> TASK REQUIREMENTS
Without including any images, repeat the listing below exactly.
───── SOURCE MATERIAL ─────
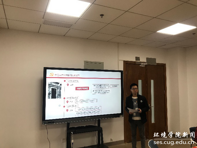 环境学院2018级学硕一班硕士研究生党支部书记柳璨同志主持本次主题党日活动。
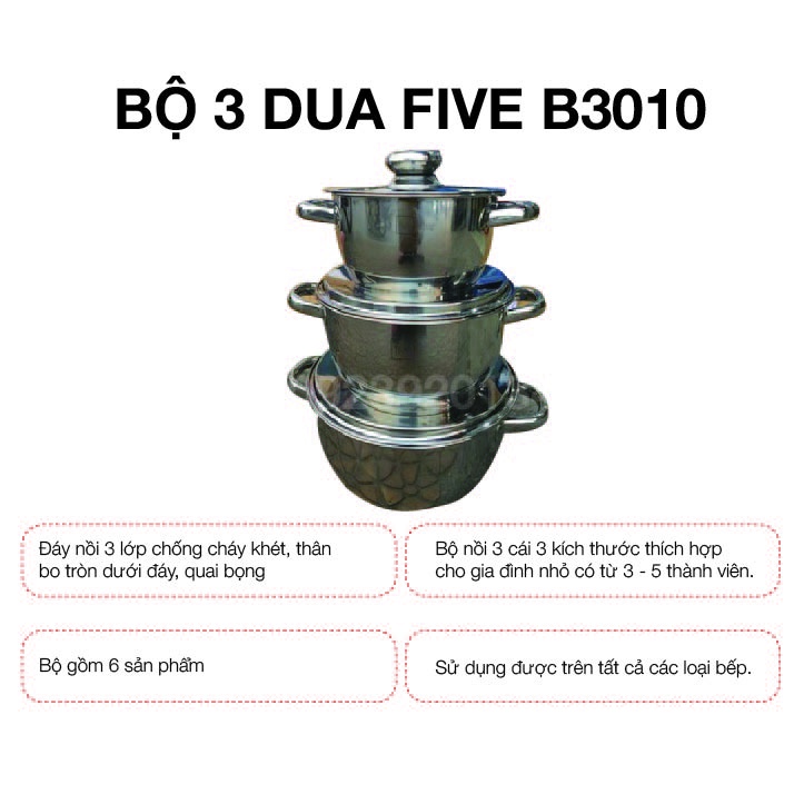 Giới thiệu Bộ 3 nồi DUA FIVESTAR B3010
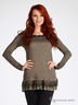 Стильная трикотажная туника с длинным рукавом и округлым вырезом горловины. Низ изделия слегка расклешен. Вырез украшен пришитой тесьмой с ворсистым кантом, низ оформлен пришитым воланом в складку.
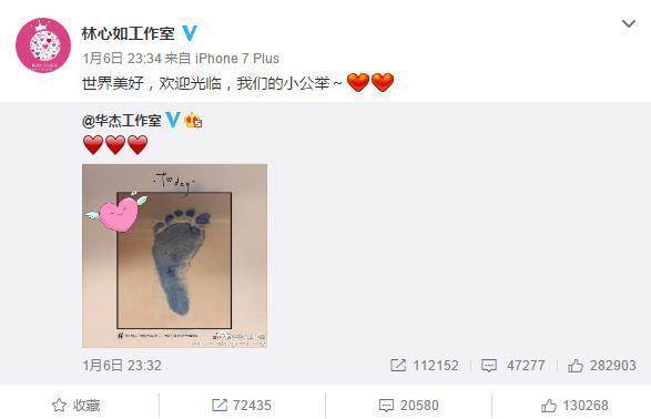 2017年1月6日,小海豚公主降临,初为人父人母的霍建华和林心如都兴奋极了。
─────
> RESPONSE
 环境学院2018级学硕一班硕士研究生党支部书记柳璨同志主持本次主题党日活动。
 Giới thiệu Bộ 3 nồi DUA FIVESTAR B3010
 Стильная трикотажная туника с длинным рукавом и округлым вырезом горловины. Низ изделия слегка расклешен. Вырез украшен пришитой тесьмой с ворсистым кантом, низ оформлен пришитым воланом в складку.
 2017年1月6日,小海豚公主降临,初为人父人母的霍建华和林心如都兴奋极了。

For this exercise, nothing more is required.